Daarentegen ziet Fukuyama landen als Frankrijk en Italië, maar ook Engeland in de periode na WO2, als typische  “low trust societies”. In deze landen mislukten hervormingen vaak door gebrek aan onderling vertrouwen, massale stakingen, etc. Ook is  in een “low trust society” de sociale mobiliteit lager, vanwege het bestaan van clans.
Net als vele anderen heb ik Nederland altijd als een high trust society beschouwd. We polderen  heel wat af, grote maatschappelijke tegenstellingen zijn er in ons land nooit geweest en de sociale mobiliteit was erg hoog. Terwijl landen als Engeland of Frankrijk soms bijna kapot gestaakt werden, sloten werkgevers en werknemers bij ons in 1982 het Akkoord van Wassenaar, waarin de basis werd gelegd voor de succesvolle Nederlandse politiek van loonmatiging. Dat dit hele akkoord slechts één A4’tje besloeg is tekenend: partijen vertrouwden elkaar en hadden geen meterslange teksten nodig.
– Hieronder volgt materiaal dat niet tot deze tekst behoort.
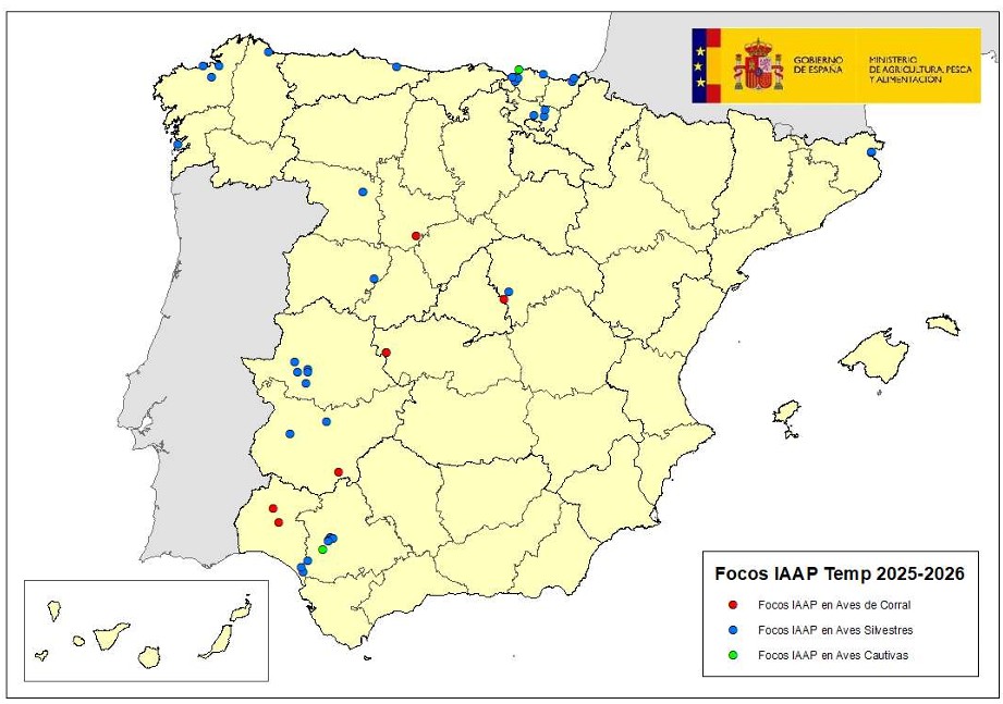Se trata del sexto foco de IAAP H5N1 notificado en España en granjas avícolas en 2025, tras los focos detectados en Badajoz (1), Huelva (2), Toledo (1) y Guadalajara (1). No se ha detectado ninguna relación epidemiológica entre los distintos focos, considerándose que la vía más probable de introducción del virus en la granja ha sido por medio de contacto directo o indirecto con aves silvestres, dado que durante las últimas semanas se han detectado varios casos de IAAP H5N1 en aves silvestres en distintas partes de la península.

De laatste tijd begin ik er aan te twijfelen of wij nog wel een high trust society zijn. De politieke moord op Pim Fortuyn in 2002, kort daarop gevolgd door de wrede moordaanslag door een religieuze fanaat op de kunstenaar en vrijdenker Theo van Gogh, hebben de verhoudingen in Nederland al danig verziekt. De maatschappelijke polarisatie tussen politiek correcte stromingen en wat wel genoemd wordt populistisch correcte stromingen, lijkt met de dag toe te nemen. Op de social media lijken dreiging en intimidatie aan de orde van de dag te zijn.
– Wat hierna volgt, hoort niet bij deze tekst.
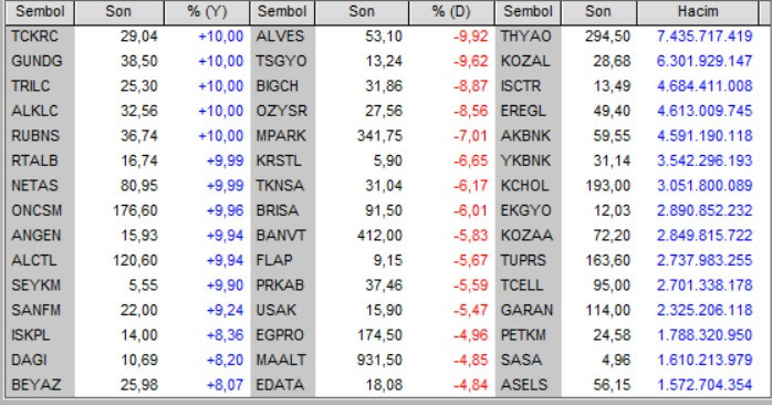 | XXX hissesi %X artışla | YYY hissesi %Y düşüşle |
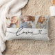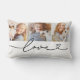 O design de travesseiro decorativo lombar personalizado moderno e na moda apresenta uma colagem de fotos de três (3) fotos favoritas com um design de tipografia preto simples e mínimo "Love" que inclui detalhes florescentes e cardíacos. As cores preto e branco podem ser modificadas.
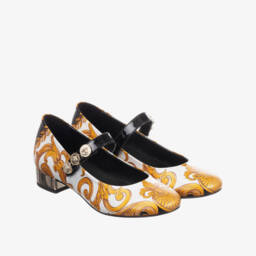 Girls black scrunchie by Versace features the brand's iconic Barocco print in luxurious black and gold tones.
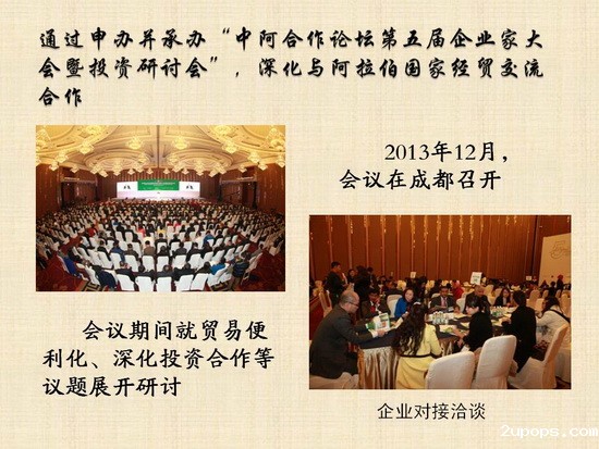 (三)通过申办并承办 “中阿合作论坛第五届企业家大会暨投资研讨会”,深化与阿拉伯国家经贸交流合作。2013年12月,“中阿合作论坛第五届企业家大会暨投资研讨会”在成都召开。会议期间就贸易便利化、深化投资合作等议题展开研讨。中阿企业进行了项目对接和合作。

De trend van de laatste maanden is juridisering van het politieke en maatschappelijke debat. Zo werden er dit jaar maar liefst ruim 5.000 aangiftes gedaan tegen Wilders. Op hun beurt, deden prominente PVV’ers aangifte tegen de PvdA’ers Samson en Spekman. Afgelopen week werden velen overdonderd door een oordeel van de Rechtbank in Amsterdam, die de burgemeester verordonneerde om de Sinterklaastocht tegen het licht te houden, naar aanleiding van de klacht van een groep activisten.
De Amsterdamse rechter nam de redenering over van het College van de Rechten van de Mens, dat “Zware Piet een fenomeen is dat een racistisch onderdeel is van de Sinterklaastraditie”. Zelf vond ik dat een erg vergaande uitspraak van de onafhankelijke rechter, een uitspraak waarvan ik me afvraag of die in hoger beroep stand zal houden. In ieder geval bleek meteen al dat deze uitspraak maatschappelijke stromingen niet tot elkaar bracht of leidde tot een zinvole dialoog, maar dat de verontwaardiging en de woede aan beide kanten van het spectrum alleen maar toenamen.
Evenzo verwacht ik weinig goeds van het hele aangiftecircuit tegen Wilders. Ook ik vond het “minder, minder” gescandeer van de PVV’ers op een verkiezingsavond afkeurenswaardig, maar er zijn  wel meer zaken die politici roepen die afkeurenswaardig zijn. Zelf ga ik het debat daarover aan, ik publiceer stukken, maar ik maak niet zo snel de gang naar de rechter.  En wat te denken van de Haagse Islampartij die de terreurbeweging (naar hun zeggen “verzetsbeweging” ) ISIS bejubelt met uitspraken als deze (afkomstig van hun Haagse gemeenteraadslid Abdoe Khoulani): “Leve ISIS, en in shaa Allah op naar Bagdad om dat schorem aldaar aan te pakken”. Ik neem aan dat de 5.000 Nederlandse burgers die aangifte deden tegen Wilders zich meteen naar het politiebureau spoedden om aangifte te doen tegen Khoulani, of is hun verontwaardiging zo selectief?
Al met al een triest beeld. Hoewel het poldermodel op economisch vlak en ook in de politiek nog wel even stand lijkt te houden – daar is het bezwaar meer dat de compromissen steeds wateriger en complexer worden en niet meer gebaseerd zijn op een visie –  raken we in maatschappelijk opzicht steeds gepolariseerder. Het massaal toevlucht zoeken tot de rechter zie ik als een uiting van gebrek aan maatschappelijk vertrouwen, de juist door Fukuyama zo geroemde Trust-factor. Het kan haast niet anders, of dat zal zich op termijn ook vertalen in steeds slechter wordende economische en politieke verhoudingen.  Geen prettig vooruitzicht voor Nederland.